Python toolkit for standardized model hosting container implementations with Amazon SageMaker integration.
This repository provides a Python toolkit that enables TensorRT-LLM and vLLM integration with Amazon SageMaker hosting platform for efficient model deployment and inference.
ModelHostingContainerStandards/
├── python/ # Python implementation
│ ├── model_hosting_container_standards/ # Main Python package
│ │ ├── __init__.py
│ │ ├── config.py
│ │ ├── logging_config.py
│ │ ├── utils.py
│ │ ├── common/ # Common utilities
│ │ │ ├── fastapi/ # FastAPI integration
│ │ │ ├── custom_code_ref_resolver/ # Dynamic code loading
│ │ │ └── handler/ # Handler specifications
│ │ └── sagemaker/ # SageMaker integration
│ │ └── lora/ # LoRA adapter support
│ ├── tests/ # Package tests
│ ├── examples/ # Python examples and demos
│ ├── pyproject.toml # Python project configuration
│ ├── Makefile # Build automation
│ └── README.md # Python-specific documentation
├── docs/ # Documentation
├── examples/ # Top-level examples
├── .github/ # GitHub templates and workflows
├── Config # Shared configuration files
└── README.md # This file
cd python
poetry install
poetry shellSee the Python README for detailed usage instructions, examples, and development workflow.
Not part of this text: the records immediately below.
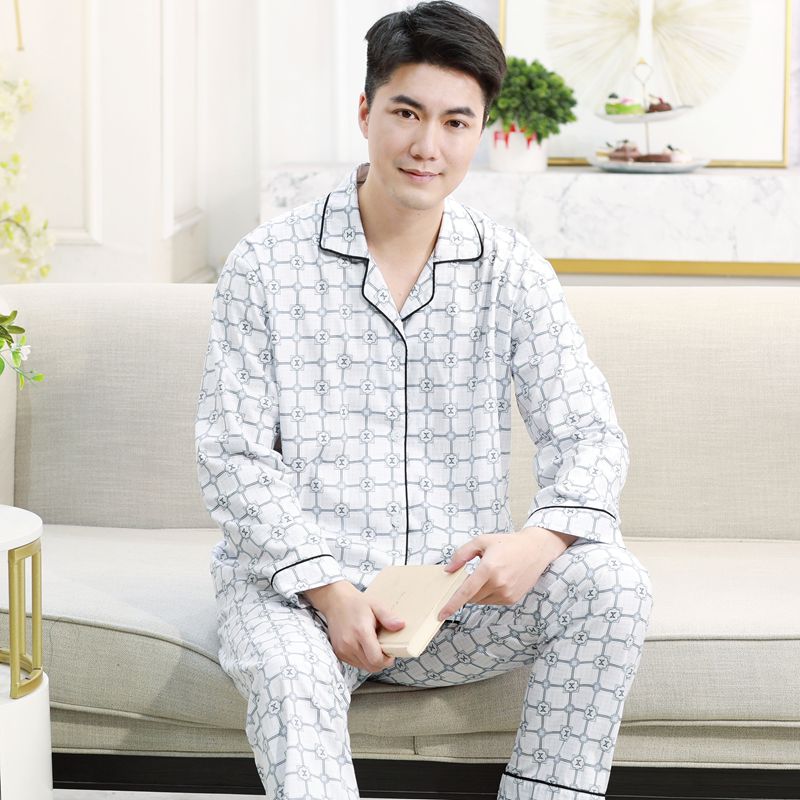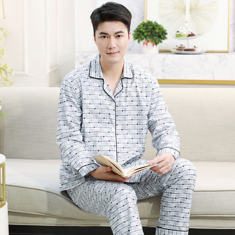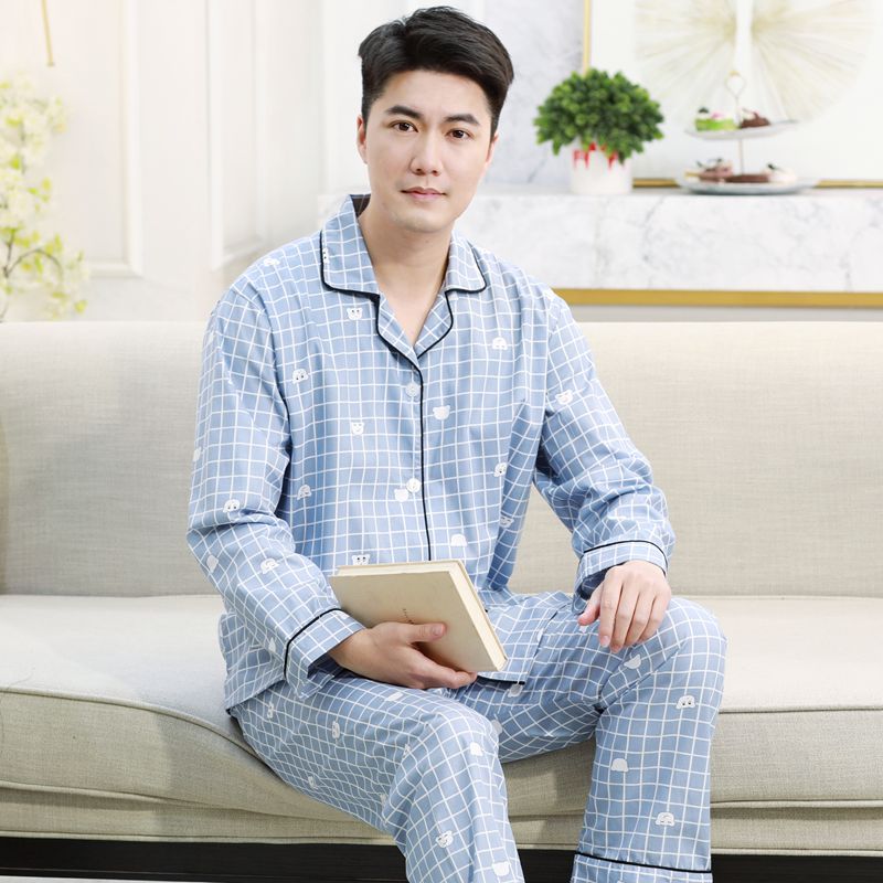 青中老年家居服套装 全棉睡衣男士 梭织纯棉格子夏天长袖 薄款 春秋季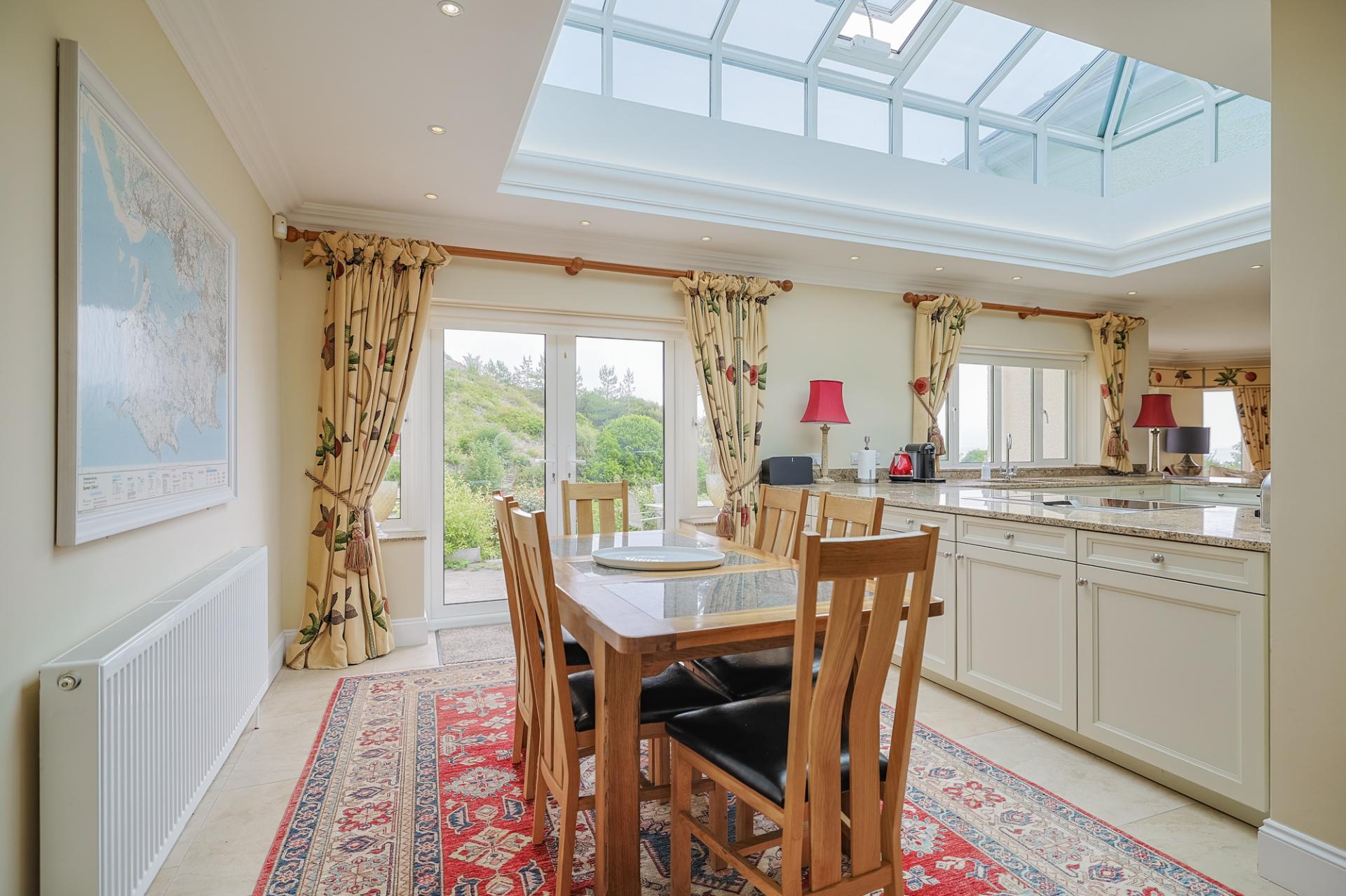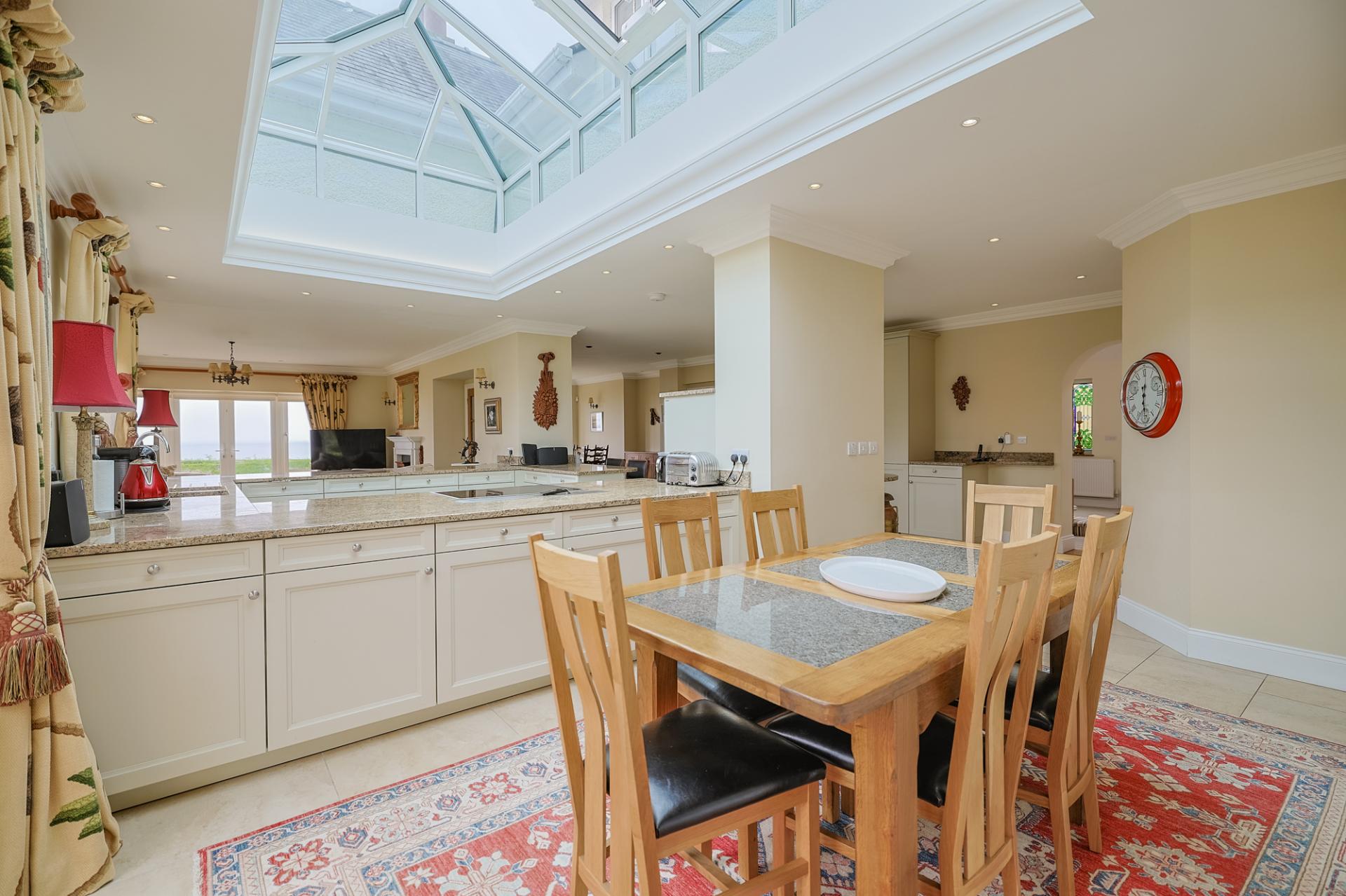 This spectacular open-plan space is a true heart of the home. An array of thoughtfully placed windows floods the area with natural light and showcases uninterrupted sea views. A stunning orangery-style window and four sets of double patio doors provide seamless indoor-outdoor living. The space is finished with a combination of tiled and carpeted flooring and enhanced by recessed spotlighting. The kitchen features a range of quality tall and base units with granite worktops and high-end integrated appliances, including two NEFF oven/grills, two NEFF warming drawers, a NEFF microwave, a 4-ring NEFF electric hob, Elica elevating extractor fan, a double Franke sunken sink with swan tap, NEFF dishwasher, a breakfast bar, and two tall fridge/freezers. There’s space for both a breakfast table and dining table, creating an ideal entertaining space. The family seating area is open to the kitchen and features an open fireplace with slate surround and hearth, carpeted flooring, and of course, outstanding views.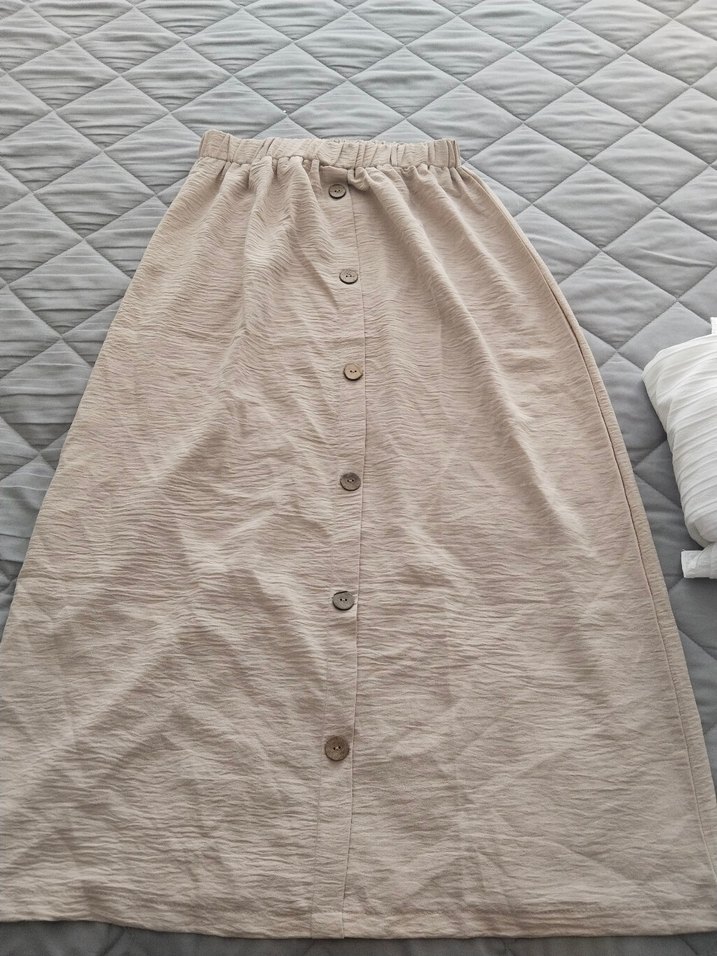 Bej renkli, düğmeli ve bol kesim uzun keten kumaştan yapılmış kadın eteği. Sade tasarımıyla bohem stiline uyum sağlar ve günlük kullanım için uygundur.

When contributing to this repository:
- Place Python-specific code in the
python/directory - Follow the established patterns for project structure
- Include tests for new functionality
- Update documentation as needed
- Run pre-commit hooks to ensure code quality
See CONTRIBUTING for more information.
This project is licensed under the Apache-2.0 License.